Наши друзья ошибаются. Мы скажем им новость, хотя эта новость, по существу своему, есть вещь очень старая. Россия обладает своего рода политической свободой; она есть страна не менее других конституционная, только не так, как другие, что зависит от ее натуры, которая, даже друзьям в угоду, измениться не может. Как и в других странах, в России есть законы; есть и закон, которым печать учреждается и которым определяется ее независимость.

Мы скажем более, и скажем совершенную истину. Печать в России, и, быть может, только в России, находится в условиях, дозволяющих ей достигать чистой независимости. Мы не знаем ни одного органа в иностранной печати, который мог бы в истинном смысле назваться независимым. В так называемых конституционных, в противоположность России, государствах есть партии, которые борются за власть и во власти участвуют. Политическая печать в этих странах служит для этих своевластных партий органом. Печать в этих странах не есть выражение совести, свободной от власти и не замешанной в интересы борющихся за нее партий. Каждый из этих органов имеет своим назначением способствовать успеху своей партии и заботится не о том, чтобы раскрыть и разъяснить дело, а чтобы запутать и затемнить его.

В России же, где таких партий не имеется, именно и возможны совершенно независимые органы. От правительства печать в России, по существу своего учреждения, зависима лишь в том смысле, в каком все во всякой стране находится в зависимости от предержащей власти, дающей законы, их исполняющей и бодрствующей над их исполнением.

Это правда, что специально установленные правительственные власти обязаны наблюдать за направлением печати в России, но точно так же, как правительственные же власти обязаны наблюдать за порядком и благочинием на публичных путях и ограждать общественную безопасность. Только в таком общем смысле печать в России зависима от правительства.

Правительство, говорят, в России всесильно; оно может-де по своему усмотрению наложить запрет на всякое мнение, хотя бы и законное, но ему неугодное. Но что такое «правительство» и что такое «может»? Лицам, находящимся во власти, не все всегда нравится и многое может казаться неудобным. Но следует ли отсюда, чтобы они считали себя вправе делать все, что каждому из них в данный момент нравится, и нарушать законный порядок по личному усмотрению? «Может»! Всякий может сделать многое, что запрещается и законом, и нравственностью, и честью, но не все такое в благоустроенном обществе делается, так что мы безопасно ходим по улицам, не подвергаясь разбойничьим нападениям.

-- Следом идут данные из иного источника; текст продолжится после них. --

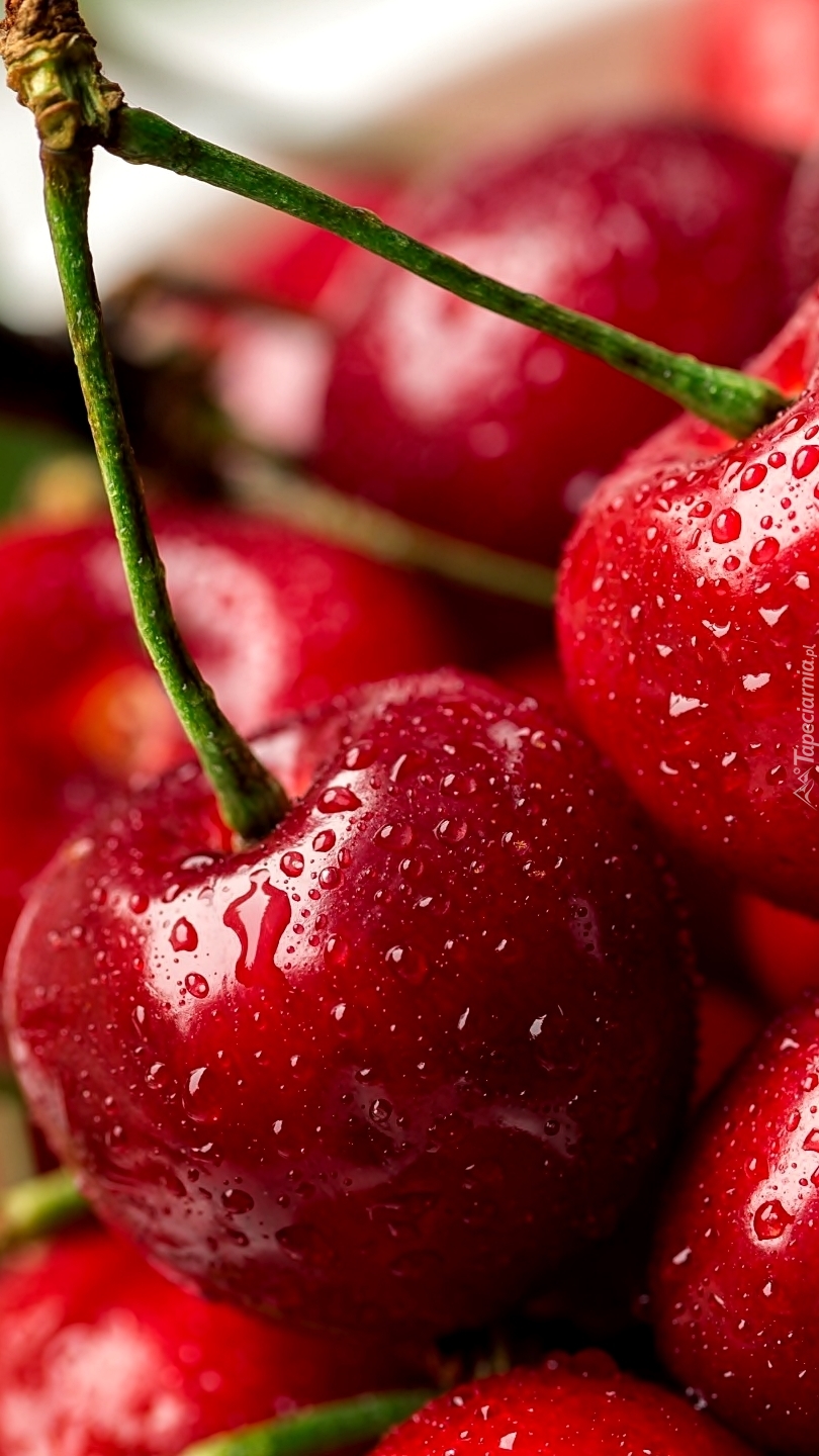 Edytor tapety: Krople wody na wiśniach w zbliżeniu

В государстве как Россия, сохранившем непоколебимую, бесспорную и священную власть, лица, облеченные ее полномочиями, менее чем где-либо вправе насиловать законную свободу и прибегать ко лжи и обману, которые служат обычным средством правительств в странах так называемых конституционных. Если что-либо подобное у нас бывает, то это не правило, на которое наши заграничные друзья могли бы ссылаться, а нарушение правила, роняющее достоинство власти.

* * *

Но мы сказали не все; наша речь еще впереди. Говорят, что Россия лишена политической свободы; говорят, что хотя русским подданным и предоставлена законная гражданская свобода, но что они не имеют прав политических.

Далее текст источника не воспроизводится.